The nature of the phase change can be understood readily with reference to Table 3, which collects the relevant geometrical parameters for the ⁿBu group that changes, namely C20—C21—C22—C23. In the monoclinic structure, it is related by a twofold axis to another such chain and it is highly likely that both congeners are affected by dynamic disorder (vide infra). In the triclinic structure, the second congener, C20A—C21A—C22A—C23A, is not related by symmetry to the first and it is the second congener that undergoes the change. The torsion angle C20A—C21A—C22A—C23A, which in the monoclinic structure describes an anti conformation (Table 3), is modified to a syn arrangement in the triclinic structure. The base unit, i.e. C20—C21—C22—C23, retains its anti descriptor in the triclinic structure, where no disorder is evident.

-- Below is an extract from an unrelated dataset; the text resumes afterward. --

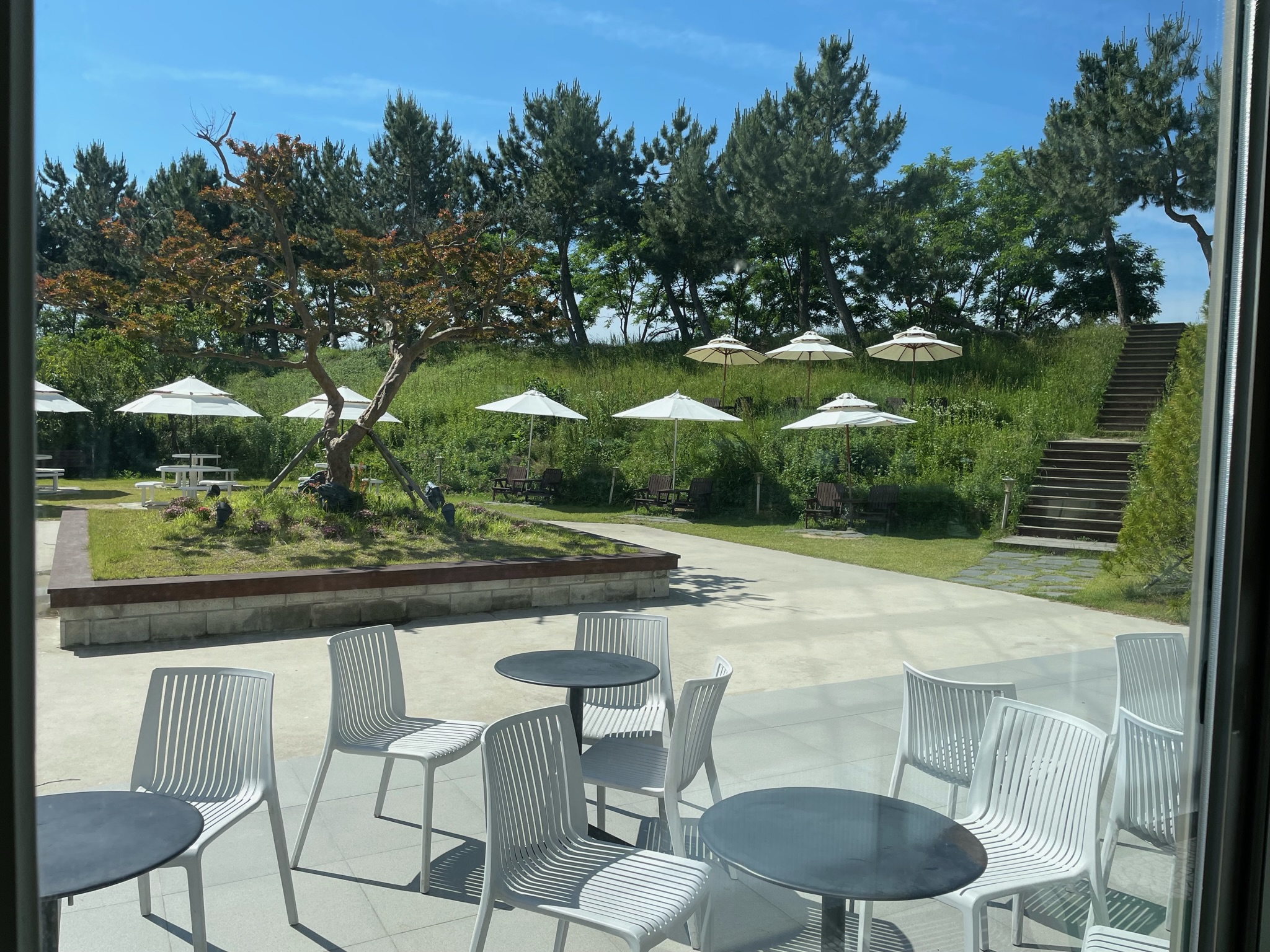 날씨가 좋아서 어디를 찍어도 예술입니다. 파란 하늘과 초록 풍경을 만끽할 수 있는 야외 자리도 준비되어있습니다. 여름에는 좀 더울 것 같은데요. 6월 초인 오늘은 있을만 했습니다. 파라솔 밑에 있으면 그렇게 까지 덥지는 않았습니다.

Monoclinic phase (2d) of the multicrystal that results from the arrested transition gives a structure analysis at T = 170 K with a major component that is nearly identical – but not rigorously so – to those obtained for the monoclinic phases at T = 277 (2a) and 220 K (2c). A telling difference involves the unique ⁿBu group that suffers disorder at higher temperature (C20–C23, Fig. 4). Disorder is reflected in the principal mean-square displacement amplitudes (MSDA) for atoms C22 and C23 (Table 3). As is also clear from Table 3, the foreshortening of the `apparent' C—C distance that accompanies librational disorder is pronounced at T = 277 K for (2a), significant but less exaggerated at 220 K for (2c) and observable but small at 177 K for (2d). Such variation with temperature discriminates between dynamic and static disorder, and is a strong indicator in this case for dynamic disorder. Being able to make this determination is one of several reasons for not restraining the terminal C—C bond length in the higher-temperature determination.

Possibly more intriguing is that the monoclinic structure (2d) at T = 170 K, derived from the sample after the arrested phase transition, has a minor-disordered component with one ⁿBu group in a syn conformation, as in the triclinic structure that results from the phase transition. We refrain from drawing speculative conclusions, but it may be that the first step in the phase transition is a conformational change in the affected ⁿBu group, and that this is then followed by the global change of the sample to the triclinic phase.

The arrested transition, which may well be fortuitous, also permits a more exact comparison between the two phases than is often the case with transitions, because it was possible to characterize the two phases at the same temperature. In actual fact, all five structural results can be superimposed quite well – anion, cation and inter­stitial water – except for terminal atoms C22A and C23A, which upon ordering mark the difference in the triclinic phase.